I have a sneaking suspicion this has something to do with the Sign In With Twitter changes that were made for Tweetdeck Windows EOL (and already broke using web Tweetdeck with SIWT).

@andypiper Any updates on this?


#7

And this problem is still occurring. Anybody know of any way of reaching somebody who can actually acknowledge the problem?


#8

More than one month that this problem exists… Is someone working on it??


#9

Hey @andypiper or anyone else, this problem still exists. It’s been two months. Sign In With Twitter is completely broken currently.

Any news?


#10

I’m sorry that this is so frustrating for you.

Clearly this is an issue for a couple of folks but I’ve not heard of it being a widespread problem so let’s see if we can find any commonalities:

  • can you share a link to a site where this is broken?
  • can you share any of your sign-in with Twitter code / what language, libraries or frameworks are you using in your apps?
  • what browsers does this occur in?
  • there’s mention earlier in this thread of this affecting a user switch rather than a fresh sign-in, can we narrow this down specifically?

re: TweetDeck, the only change I’m aware of is that now TweetDeck shares the main twitter.com cookie so that a user login can flow between both sites, I don’t think there is necessarily any relationship to the problem being described, but I can’t be sure.


#11

First, we can effectively narrow to the case of a user switch

The original problem I had, that was solved for a few days and then has appeared again is effectively when you come to Twitter authorization page https://api.twitter.com/oauth/authorize?oauth_token=M65dkAAAAAAAeoLPAAABU_Scfew, being already logged.

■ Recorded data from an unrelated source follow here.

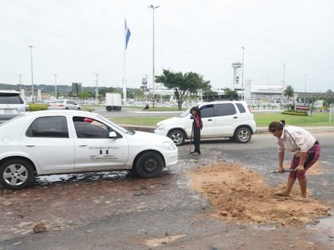 Luque: Obgleich Touristen, Investoren oder Diplomaten den Flughafen als tagtäglichen Start- und Landepunkt des Landes ansehen, schaut der Staat gekonnt weg. Schlaglöcher werden nun von Frauen geflickt.
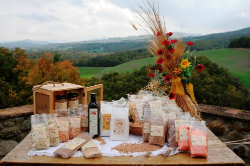 In fattoria si producono l'olio, la pasta, i cereali, i legumi, il pane lievitato naturalmente e cotto a legna, le torte, i biscotti, i succhi di frutta, le marmellate e il miele, le farine di grano e di farro, i legumi e tanti altri prodotti naturali.
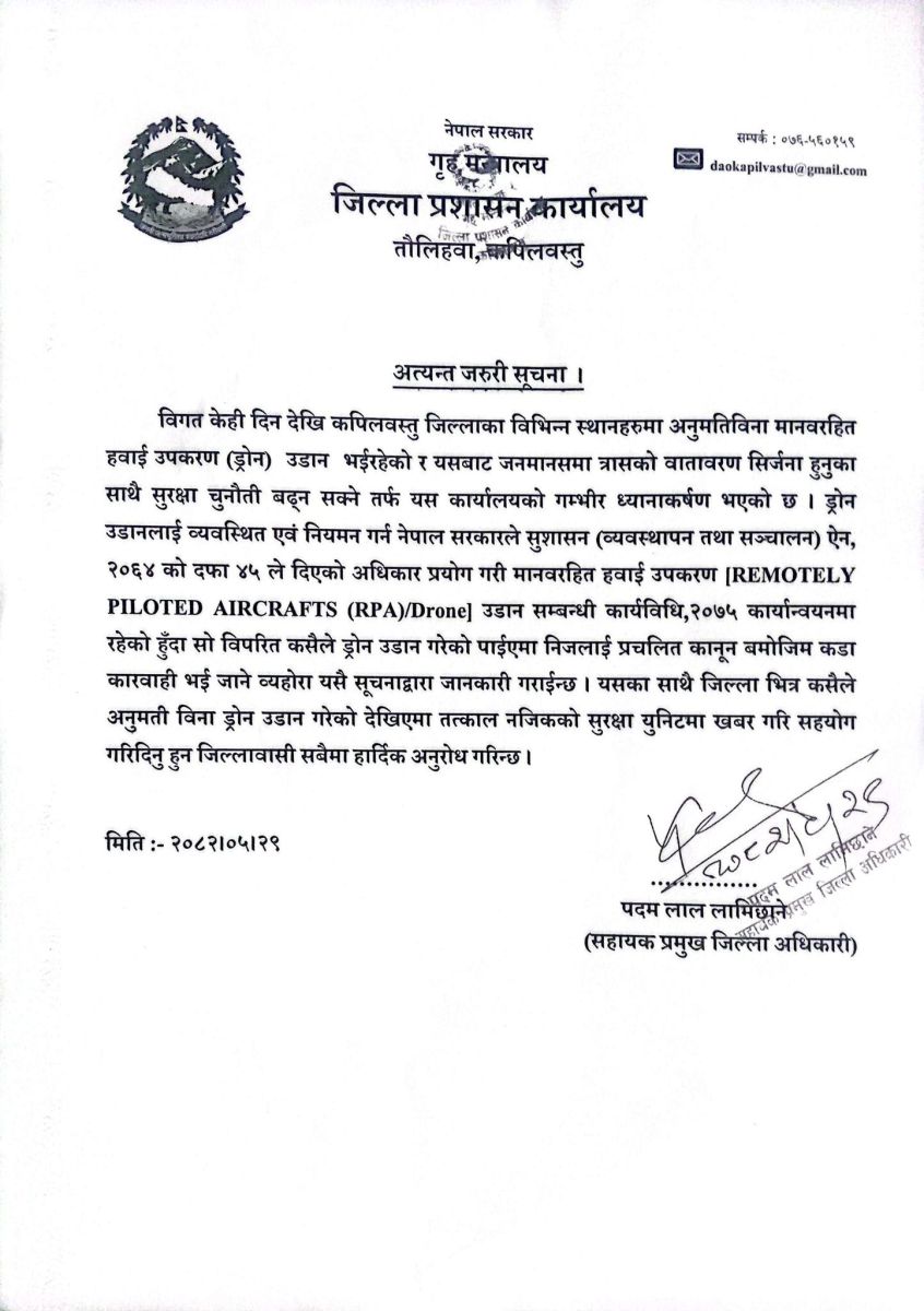 केही दिनयता जिल्लाको सिमावर्ती क्षेत्रमा रातको समयमा अनाधिकृत ड्रोन उडाएको पाइएपछि कपिलवस्तु प्रशासनले तत्काल रोक्न आग्रह गरेको छ । जनमानसमा त्रास फैलिएको भन्दै गैर कानुनीरुपमा ड्रोन उडाइएको पाइए काड कारबाही गर्ने उसको चेतावनी दिएको हो ।

If you log out from the top right menu of this page and fill in a new user ID / password, you get the “no request token for this page”

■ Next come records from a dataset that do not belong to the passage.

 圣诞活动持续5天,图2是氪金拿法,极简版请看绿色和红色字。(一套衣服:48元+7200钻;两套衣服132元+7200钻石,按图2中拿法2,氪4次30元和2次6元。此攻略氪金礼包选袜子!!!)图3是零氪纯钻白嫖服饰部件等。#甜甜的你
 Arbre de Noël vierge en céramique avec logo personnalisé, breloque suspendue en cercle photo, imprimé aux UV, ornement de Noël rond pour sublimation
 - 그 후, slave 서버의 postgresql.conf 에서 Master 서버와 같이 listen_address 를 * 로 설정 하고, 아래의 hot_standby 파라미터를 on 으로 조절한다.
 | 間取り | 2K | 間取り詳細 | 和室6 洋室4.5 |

To give you request details, this happens on the website getwonderboard.com which is using PHP OAuth through Abraham library https://github.com/abraham/twitteroauth and it happens in any browser

But I am pretty sure that the problem is internal to twitter authentication, I made the test picking a website randomly in a google search : http://dabr.co.uk/ and I get the same problem


#12

OK yes I see - it does seem specific to logging out of Twitter and back in during an OAuth flow, which causes the token to vanish. I’ll see if I can learn anything about any recent change here.


#13

Interestingly though, I’ve just gone through the same process with another site, from an account with no 2FA to another one with 2FA, and the token was maintained. Curiouser…


#14

@andypiper My experience is every Sign in with Twitter page, too. It actually happens here on twittercommunity as well, although in that case it’s a little obscured because of the popup + second tab:

  1. Log out on twittercommunity
  2. go to twitter.com
  3. log in with an account that has not been authorized for twittercommunity
  4. come to twittercommunity
  5. click Log In
  6. click Sign Out in the popup window
  7. try to sign in with any other credentials in the new tab/window
  8. -> No Request Token error

The reason I mentioned tweetdeck was just because that change to how Sign Out works was made right around that time (it signs you out everywhere, which is really annoying for anyone with multiple accounts, but a slightly separate problem).

Edit: on my own site I’m using nodejs and passport-twitter, but I think this is an issue on the Twitter OAuth side.


#15

Any news on the resolution of this problem that is still there


#16

Typepad has also been having this exact same issue after it working for years. It appears that the oauth token cookie, if present, now takes precedent over the NEW oauth token provided in the query string of the uri to api.twitter.com/oauth/authorize?oauth_token=
If a user logged into Typepad yesterday via Twitter, logged out of Typepad, closed the browser, went to sleep, and now today, logs into Typepad via Twitter, they will get the now famous No Request Token because yesterday’s oauth token cookie is stale and used. Why does Twitter not use the oauth token in the query string?

What changed? This used to work just fine. Now unless a user manually clears cookies, it will fail every time. Users not happy.


#17

The problem seems to have been fixed at least on my site!